B. La présomption de connaissance partagée au sein du cercle familial
Le juge d’appel étend cette connaissance de l’origine du dommage à l’ensemble des descendants majeurs de la victime au moment des faits. Il relève que les enfants et petits-enfants « doivent également être regardés comme ayant eu connaissance au plus tard le 7 mars 2013 » de l’imputabilité. Cette position s’appuie sur la production d’attestations sur l’honneur et sur l’intensité des liens familiaux unissant les différents requérants au défunt. Le juge refuse ainsi de distinguer les membres de la famille selon leur implication directe dans la première procédure indemnitaire engagée par la veuve. Le point de départ de la prescription est donc fixé de manière uniforme au 1er janvier 2014 pour l’ensemble des victimes par ricochet. Cette approche impose une vigilance accrue aux proches d’une victime dès lors qu’une procédure est initiée par l’un d’entre eux.
II. L’inefficacité des interruptions de prescription entre créances de natures distinctes
La solution de la cour repose sur une distinction fondamentale entre les différentes créances nées d’un même fait générateur au sein d’une succession. Cette segmentation juridique empêche la propagation de l’effet interruptif des recours entre les co-héritiers pour leurs préjudices personnels.
A. La dualité irréductible entre action successorale et action personnelle
Les requérants invoquaient l’effet interruptif d’une décision de justice rendue en 2018 concernant la réparation intégrale des préjudices subis par l’agent défunt. Le juge écarte cet argument en soulignant que cette procédure se rapportait exclusivement à « la seule créance née de l’action successorale suivant le décès ». Cette créance est jugée juridiquement distincte de celle tendant à la réparation des préjudices propres des membres de la famille agissant comme victimes indirectes. L’arrêt précise que les demandes « procèdent ainsi d’une cause juridique différente » et ne peuvent bénéficier des actes interruptifs de l’autre action. La saisine de la cour d’appel par la veuve en 2017 n’a donc pas suspendu le délai de prescription pour les descendants. Cette autonomie des créances oblige chaque victime à accomplir ses propres actes conservatoires avant l’expiration du délai légal de quatre ans.

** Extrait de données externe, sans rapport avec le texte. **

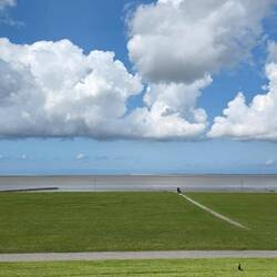 Da auch heute das Wetter mitspielt, geht die Radtour nach Norden und Norddeich. Der Hinweg verläuft inländisch der Rückweg am Wasser entlang. Nach einem Stadtbummel in Norden geht es nach NorddeichMeer informatie
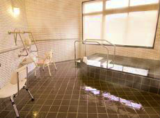 玄関ホール・陰圧ルーム・食品庫・応接室・厨房室・汚物処理室・フロント・ 食堂・リネン室・共用トイレ・介護浴室・天然温泉・機械浴槽・ 洗濯室・自動販売機・ナースステーション・防災設備・避難設備 |

B. Une protection rigoureuse des deniers publics au détriment de l’équité
L’application stricte de la prescription quadriennale aboutit ici au rejet d’une demande d’indemnisation malgré la reconnaissance préalable d’une faute de la puissance publique. La cour constate qu’aucun acte interruptif n’a été accompli par les appelants entre le 1er janvier 2014 et le 31 décembre 2017. La demande préalable formée seulement en mai 2022 est jugée tardive, rendant la créance définitivement prescrite au profit de l’administration et des deniers publics. Le juge administratif confirme ainsi une interprétation restrictive de la loi de 1968, privilégiant la sécurité juridique et la stabilité des comptes publics. Cette décision souligne la difficulté pour les victimes indirectes de naviguer entre les régimes spéciaux d’indemnisation et le droit commun de la responsabilité. La portée de cet arrêt réside dans l’exigence d’une action diligente et individuelle de chaque membre de la famille dès la connaissance du dommage.